New Rebound Straps Installed

Hub Seals – After bending down the locking washer tab on the axle nut, a new rubber “O” ring was pressed into its hub cavity.

Rubber “O” ring Installed in Hub

Followed by the paper gasket which was coated with Permatex high tack gasket sealant on both sides before installing the axle half shaft. This sealant was recommended by Mini Mania and was used in their YouTube video of the Sprite rear axle assembly.

Permatex Sealant

Paper gasket installed with Permatex High Tach on both sides

We then installed the axle half shaft and quickly screwed in one of the countersunk pozi drive screws into the axle hub.

Axle Half-shaft Installed

Brake Drum – We then installed the brake drum and screwed in two of the pozi drive screws through the brake drum into the axle half shaft and the hub. Those screws were tightened as tight as possible and then we installed four hub nuts on the hub studs and tightened those. I could then re-tighten the two screws. That should give us a good seal.

Brake Hubs Installed

That completed the axle work for the time being so we reinstalled the fuel tank being careful to connect the power wire to the fuel tank sender. This was a quick and easy job.

Fuel Pipe – We then installed the fuel pick up line from the front of the tank over the axle and to the new location for the SU fuel pump.

Fuel Pipe from Tank to Pump

Fuel Pipe to Pump

Reconnect handbrake cable at rear axle, fill rear Differential with oil and install fuel tank filler pipe – We reconnected the handbrake cable in the same position that it was prior to disassembly. 15/16″ of threads showing. We will ultimately replace the handbrake cable with a new one, so this is just temporary and of course we will need to adjust the shoes in the brakes and then adjust the handbrake tension.
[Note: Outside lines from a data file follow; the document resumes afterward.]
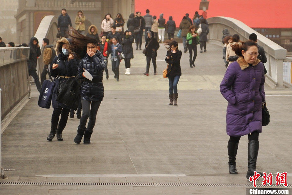 2月28日,北京城上空仍然雾霾弥漫、空气污浊,市气象局连续发布霾黄色预警及大风蓝色预警。京开、京沪、京平等高速都进行了不同程度的封闭。当日,大风将街头型男靓女秀发吹散在空中飞扬。中新网记者 金硕 摄
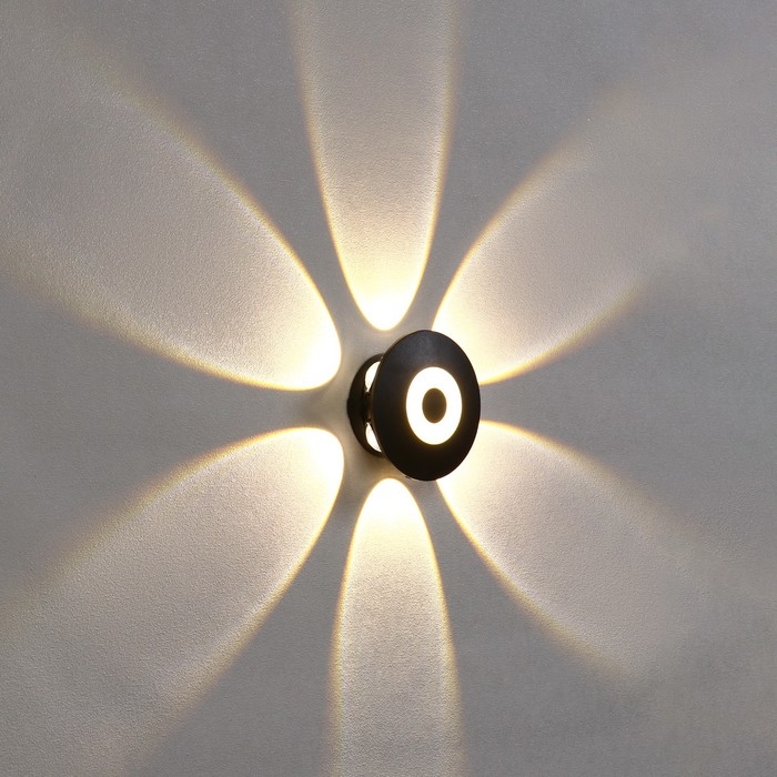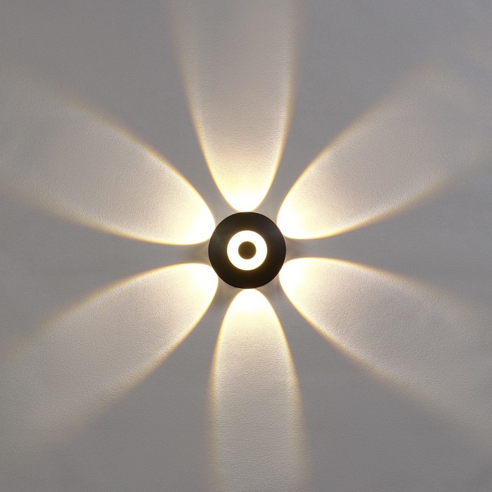 Светильник фасадный «Искра», FSD-053, 8 Вт, 3000К, 6 лучей, IP65, 220 В, пластик, черный
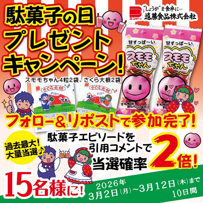 【X懸賞】駄菓子セットを15名様にプレゼント 2026.03.10さくら大根@遠藤食品‐#駄菓子の日 プレゼントキャンペーン 賞品:駄菓子セット(15名様) 締切:2026年3月12日(木)公式X(Twitter)アカウントをフォロー&キャンペーン対象ポストをリポストしてご応募ください。※詳細はキャンペーンページにてご確認ください。応募はこちらから
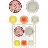MIC's "Puripura Figure Plate" series takes advantage of printing and painting techniques to try out various designs and patterns! This fifth entry in the series provides a gentle atmosphere with cut glass-like patterns on the surface of warm-colored glass. The depth of the cuts is reproduced with printing and painting. They're wonderful to display together with your figures or dolls, and they look great displayed on their own, too! This set includes two large and three small plates. Order yours today!
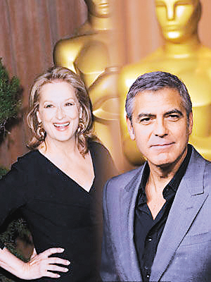 梅丽尔·斯特里普(左)和乔治·克鲁尼是章子怡最看好的影后和影帝

Handbrake Cable Connection to Lever

Thread Runout on Handbrake Cable

We then filled the rear differential with just under 1 quart of MT 90 gear oil. The Red Line MT 90 product is a 75W – 90 synthetic G4 gear oil. We used a syringe to push the oil into the filler plug hole until it just starts to drip out of the hole then installed the filler plug

Red Line MT-90

Fuel Tank Filler Pipe Install – As stated previously, the original fuel tank for the Bugeye had the filler pipe welded to the tank as one piece. The Bugeyeguy supplied fuel tank has a separate filler pipe which is joined to the tank with a rubber collar and two hose clamps.

Fuel Filler Pipe, Rubber Sleeve and Clamps

Fuel Filler Pipe Installed

We were finally able to get the car off the jack stands and onto the ground. Now it is time to move to the front suspension.

Finally, Back on its Tires

Finishing Up the fuel delivery and Suspension – We got the Bugeye up on the lift on November 17 to make it easy to tighten all of the fasteners associated with the rear suspension. We also added a fuel filter in the hose from the fuel tank to the fuel pump.

Hastings Fuel Filter GF160

Fuel Filter, Pump and hoses

Video Episode Twenty-three shows the work done in finishing the suspension and fuel delivery systems: https://vimeo.com/773027554/131aff730b

Temporary power to the fuel pump – We will address a permanent solution to routing an electrical wire to the fuel pump when we work on a new wiring harness. As a temporary solution to test the fuel delivery system to the carburetors, we simply ran a wire from the switched side of the fuse panel, through the firewall, along the RH seat rail and through the seat belt bolt hole in the interior floor to the fuel pump. To accomplish this we went ahead and removed the RH side front interior kick panel and front carpet.